All day we had been hearing from and addressing questions to academics and central bankers about crisis, contagion and coordination. Then a questioner raised the specter of a Japan style deflation in the United States and asked how we can avoid it.

The moderator, Philly Fed President Tony Santomero, graciously offered his three central banker panel colleagues an opportunity to respond. All did. All stressed the importance of keeping one's monetary house in order.

San Francisco Fed President Bob Parry summed up the Fed's deflation avoidance policy.

1. "Act aggressively and I think we have."

2. "Act preemptively and I think we did."

Parry could have stopped there but he chose to nail the other important item:

3. "The zero inflation objective is not desirable."

Amen!

That's what has changed in U.S. monetary policymaking. In the old days the Fed's inflation hawks wanted to reach zero. In today's new deflation risk days, zero has been moved to something higher. This is the new monetary cushion. There is no magical acceptable inflation number articulated by the Fed. They do not specify a numerical inflation target. Fed officials do refer to various measures of inflation for reference.

In our view the number "2" has become key. At the conference reception we discussed this with a famous Fed watcher, The Washington Post's John Berry. He thinks the number is "something between 1 and 3." Well "2" certainly qualifies. Other central bankers we've talked with also seem to accept that number "2" target.

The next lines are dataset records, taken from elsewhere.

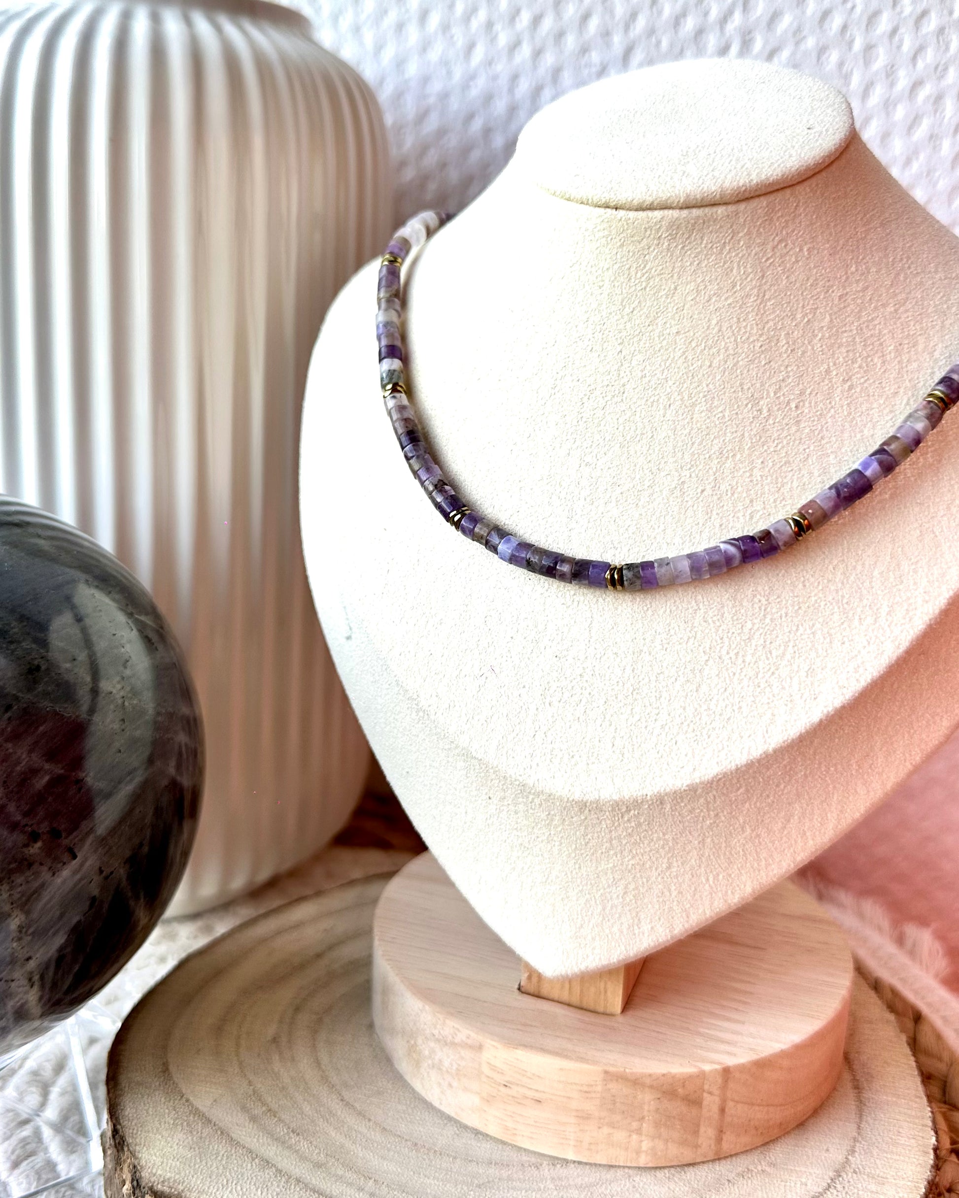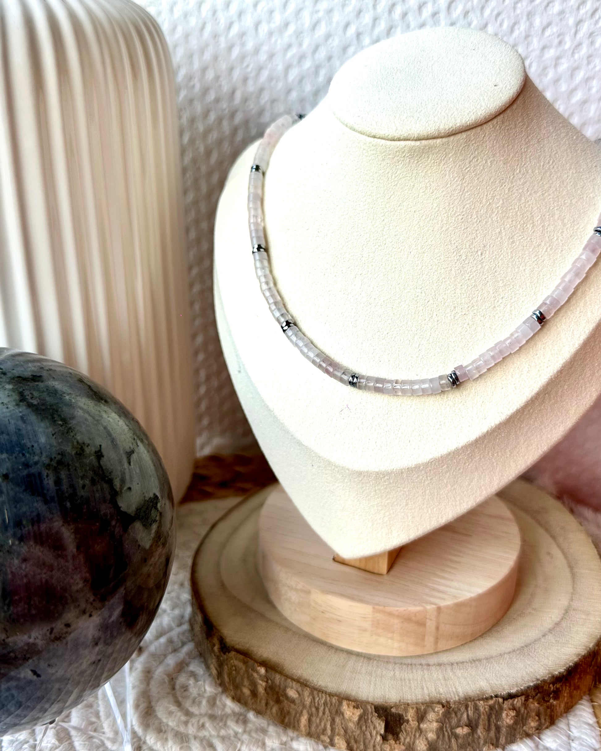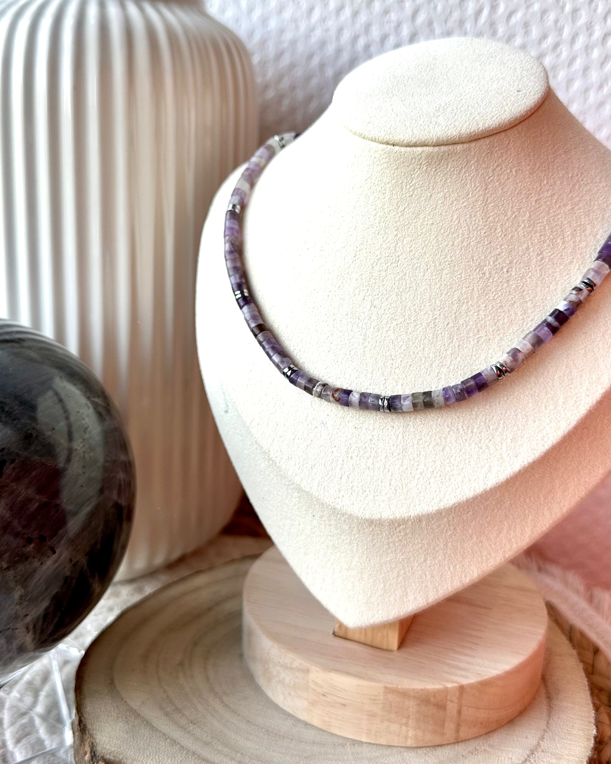Collier ras de cou fait main en perles naturelles et hématite
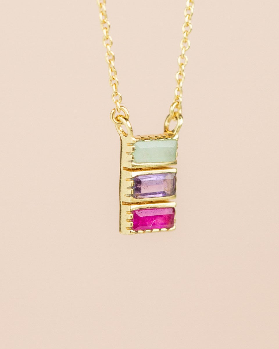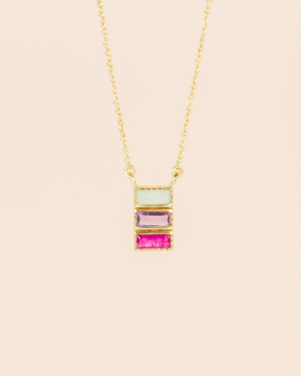 Collier mit 2x5mm rechteckigem Amazonit, Amethyst und Rubin, vergoldetes Sterling Silber
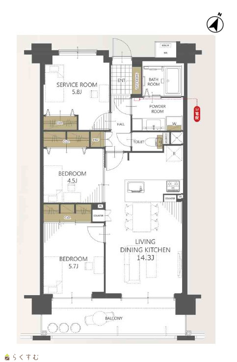 2LDK (洋室:5.7、4.6) LDK14.3 5.8帖のサービスルーム有 |
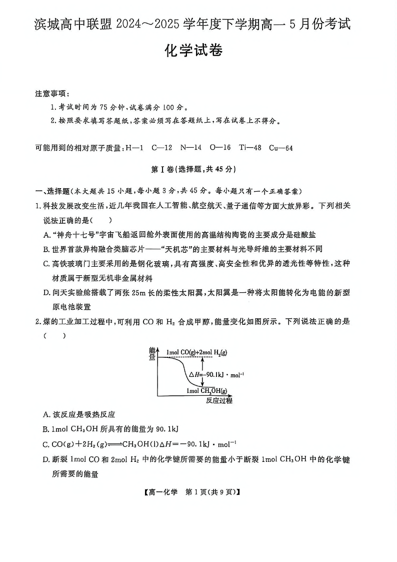 辽宁省大连市滨城高中联盟2024-2025学年高一下学期5月期中考试化学+答案
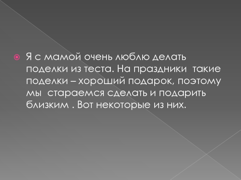 Слайд 13Я с мамой очень люблю делать поделки из теста. На
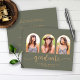 Budget Boho Arch Minimalist Green Gold Photo Graduation Announcement Invitation featuring 3 of your favorite photos and our stunning chic boho typography and geometric arch in dusty sage green and saffron yellow gold. Perfect for announcing your graduation and party! **Our BUDGET paper is smaller and more delicate, but still beautiful!** If you need assistance or matching items, please contact us at cedarandstring@gmail.com.
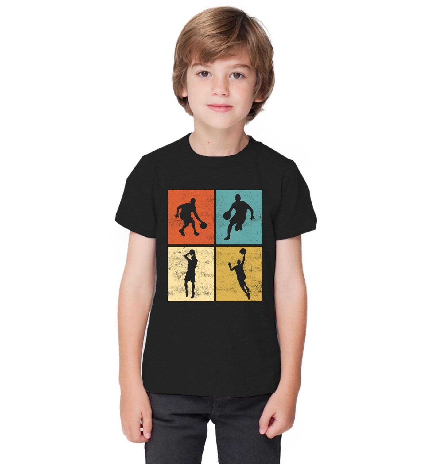 Dětské tričko Retro Basketbal v Pohybu. Energický motiv zachycuje basketbal v různých herních momentech , jako jsou driblink, střelba i výskok. Siluety postav v kombinaci s retro barevnými bloky vytvářejí výrazný vizuál, který podtrhuje rychlost a emoce, jaké sport přináší. Ideální pro každého, kdo miluje basketbal a aktivní životní styl.
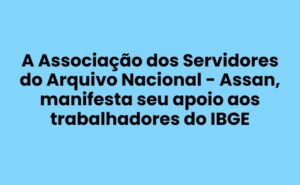 A Associação dos Servidores do Arquivo Nacional – Assan, manifesta seu apoio aos trabalhadores do IBGE, em especial aos servidores da Gerência de Bi […] -
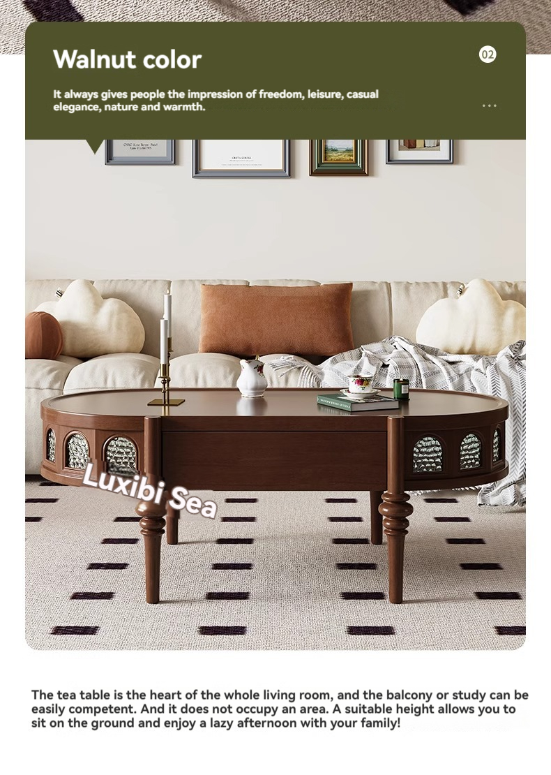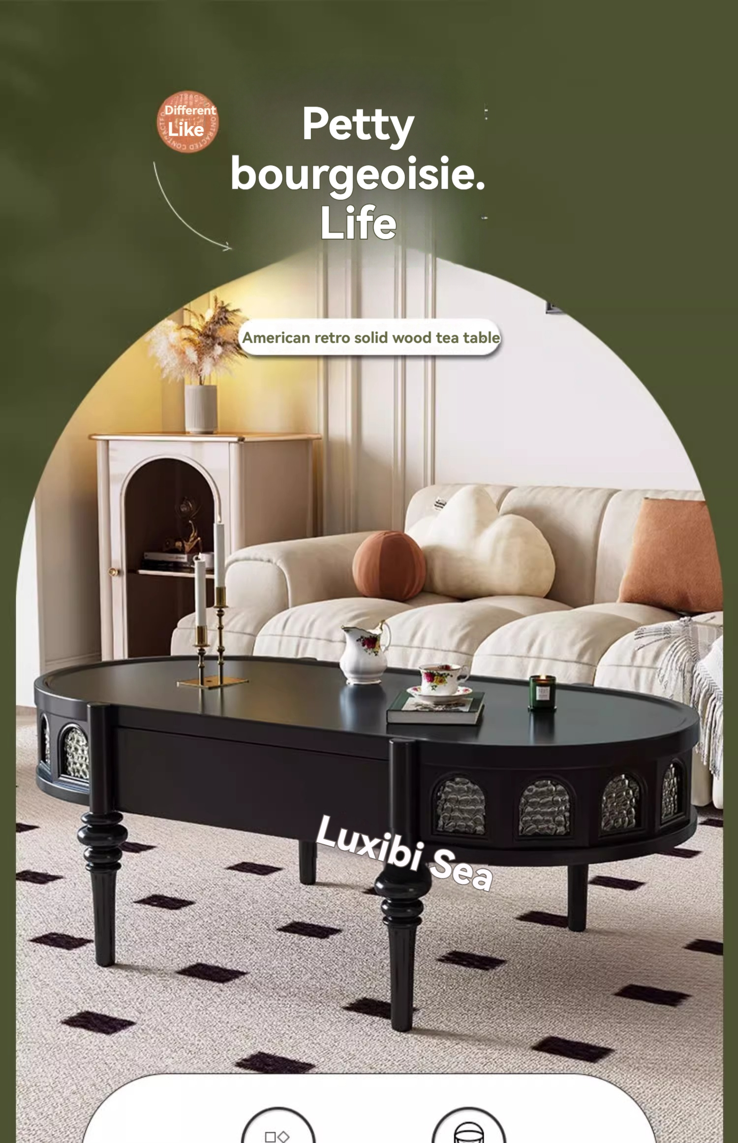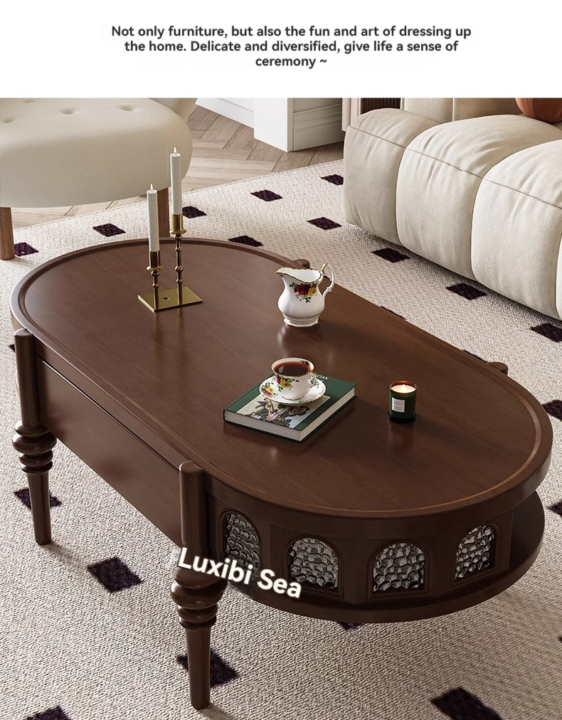[pre order]French vintage solid wood coffee table living room home small apartment design design small table round coffee table-Smart-Living [pre order]French vintage solid wood coffee table living room home small apartment design design small table round coffee table-Smart-Living

We do. Our economic forecasts and market strategy operate with a 2% inflation baseline assumption.

Central bankers around the world are aware of the deflation risk and are determined to avoid it. for America's Federal Reserve position see Fed Governor Bernanke's recent speech; http://www.federalreserve.gov/boarddocs/speeches/2002/20021121/default.htm.

Soon the European Central Bank will join in with a rate cut. They now have next year's inflation forecasts below their 2% mandated threshold. While each central bank must act in the interest of its own country or region, one thing seems clear: all central bankers agree that deflation must not be permitted.

What about Japan.?

Yasuhiro Maehara rose from the audience to address this issue. He represented the Bank of Japan at the Policy Forum.

Maehara acknowledged that Japan's current problem is structural. He distinguished between dealing with the bad loans of the past and dealing with the newer bad loans that their banking system has acquired because of the deflation. He admitted this needs a comprehensive program and outlined some details. And then he added his important contribution. Our government "realizes it must boost the economy and corporate rehabilitation and banks" he said. "It took too long to realize" but "now we are moving on these issues aggressively."

Amen, again.

Cumberland's position is that the world will not morph into a global deflation. We believe the odds are now very high that we will see reflation on a global basis.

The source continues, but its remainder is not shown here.